+++ Collected material +++

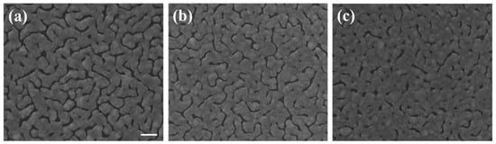 SEM images of sliver films with thickness of 30nm deposited on bent substrates using a fixed thermal evaporation rate at 1.2 Å/s with (a) glass pad area 1.22 cm2, (b) glass pad area 0.82 cm2, and (c) glass pad area 0.42 cm2 underneath, respectively. They are labeled as sample D, E, and F, respectively. Scale bar: 100 nm.
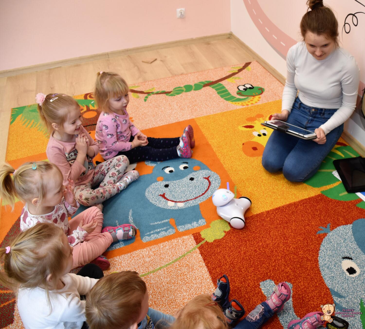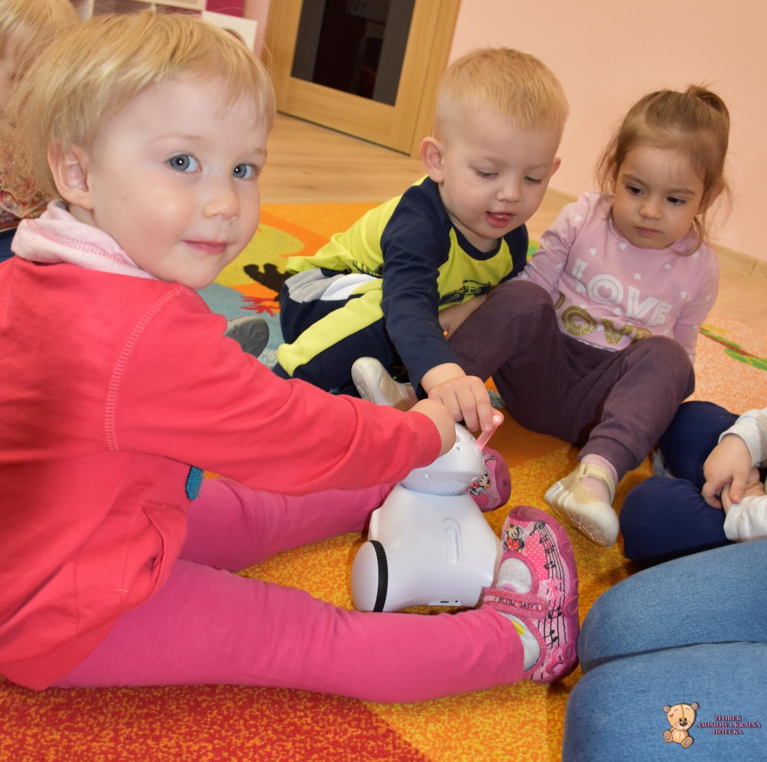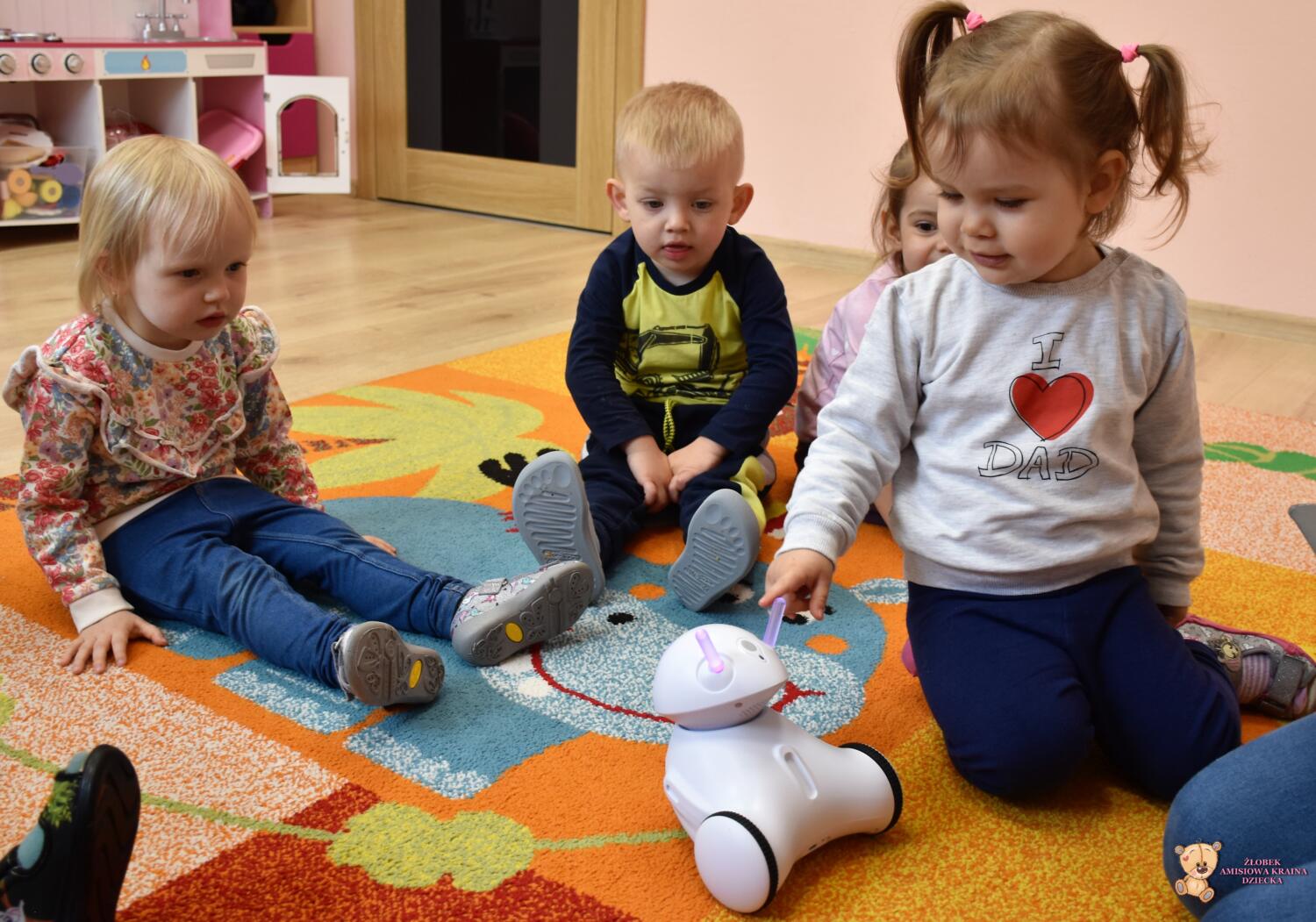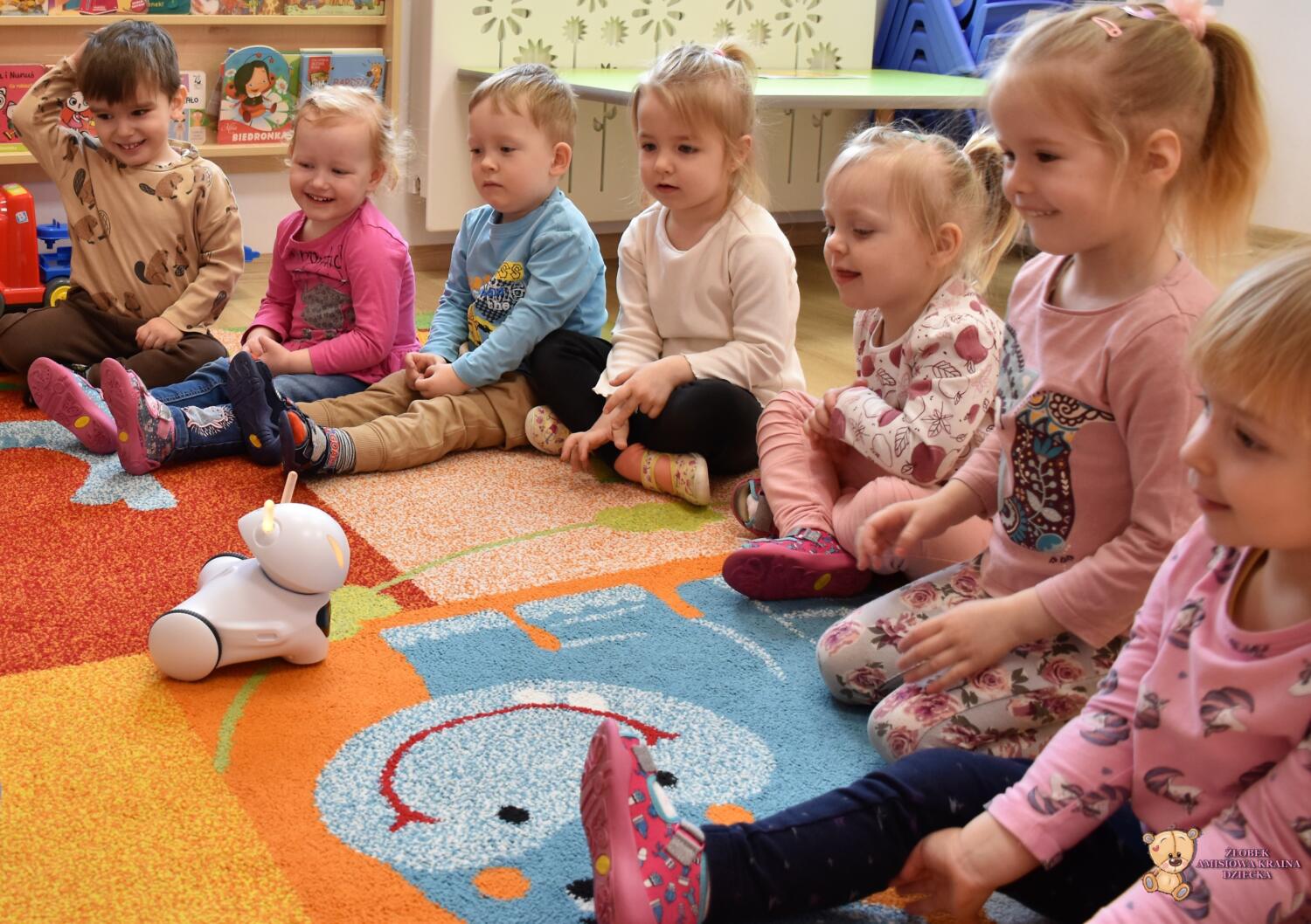 Dziś odwiedziła nas ciocia Natalia, która poprowadziła zajęcia z podstaw robotyki. Dzieci zapoznały się z przyniesionymi robotami, które z początku wyglądały dość dziwnie. Wspólnie odgadywaliśmy wydawane przez nie dźwięki zwierząt oraz kolory, które zmieniały się na jego czułkach. Na koniec zajęć dzieciaki same sterowały robotami świetnie się przy tym bawiąc.
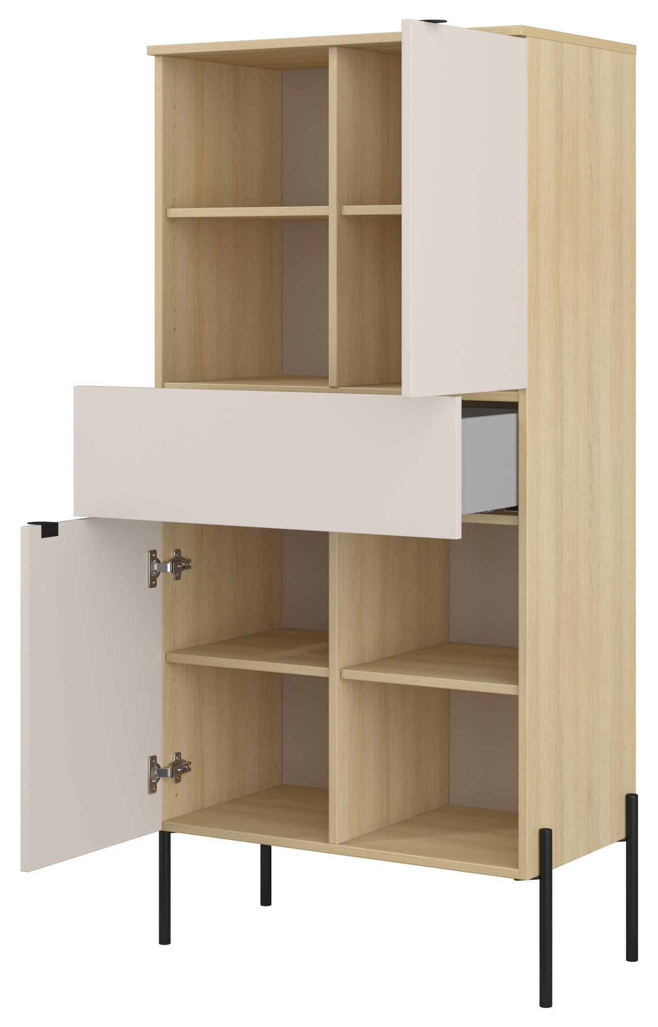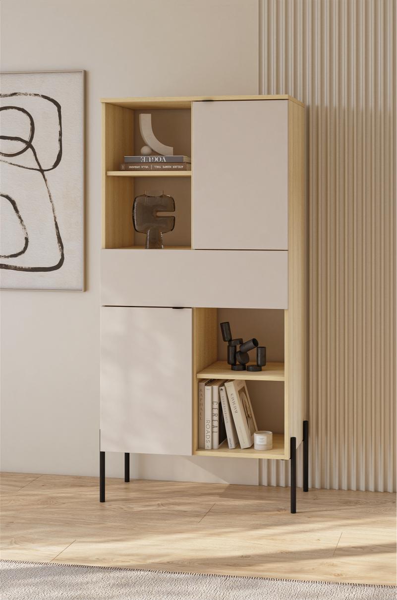 Διαθέτει ευρύχωρα κλειστά ντουλάπια που προστατεύουν τα αντικείμενά σας από σκόνη και ακαταστασία, καθώς και πρακτικά ανοιχτά ράφια για την τοποθέτηση βιβλίων, διακοσμητικών ή αντικειμένων που θέλετε να προβάλλετε. Η εσωτερική διαρρύθμιση επιτρέπει την άνετη αποθήκευση τόσο μικρών όσο και μεγαλύτερων αντικειμένων, αυξάνοντας σημαντικά τη χρηστικότητα του επίπλου. Συνδυάστε την με τα υπόλοιπα έπιπλα της ίδιας σειράς για ένα ομοιόμορφο αποτέλεσμα.

+++

[Task objective]:
Write out each line again, exactly as it appears above, except for any picture.

[Task result]:
 SEM images of sliver films with thickness of 30nm deposited on bent substrates using a fixed thermal evaporation rate at 1.2 Å/s with (a) glass pad area 1.22 cm2, (b) glass pad area 0.82 cm2, and (c) glass pad area 0.42 cm2 underneath, respectively. They are labeled as sample D, E, and F, respectively. Scale bar: 100 nm.
 Dziś odwiedziła nas ciocia Natalia, która poprowadziła zajęcia z podstaw robotyki. Dzieci zapoznały się z przyniesionymi robotami, które z początku wyglądały dość dziwnie. Wspólnie odgadywaliśmy wydawane przez nie dźwięki zwierząt oraz kolory, które zmieniały się na jego czułkach. Na koniec zajęć dzieciaki same sterowały robotami świetnie się przy tym bawiąc.
 Διαθέτει ευρύχωρα κλειστά ντουλάπια που προστατεύουν τα αντικείμενά σας από σκόνη και ακαταστασία, καθώς και πρακτικά ανοιχτά ράφια για την τοποθέτηση βιβλίων, διακοσμητικών ή αντικειμένων που θέλετε να προβάλλετε. Η εσωτερική διαρρύθμιση επιτρέπει την άνετη αποθήκευση τόσο μικρών όσο και μεγαλύτερων αντικειμένων, αυξάνοντας σημαντικά τη χρηστικότητα του επίπλου. Συνδυάστε την με τα υπόλοιπα έπιπλα της ίδιας σειράς για ένα ομοιόμορφο αποτέλεσμα.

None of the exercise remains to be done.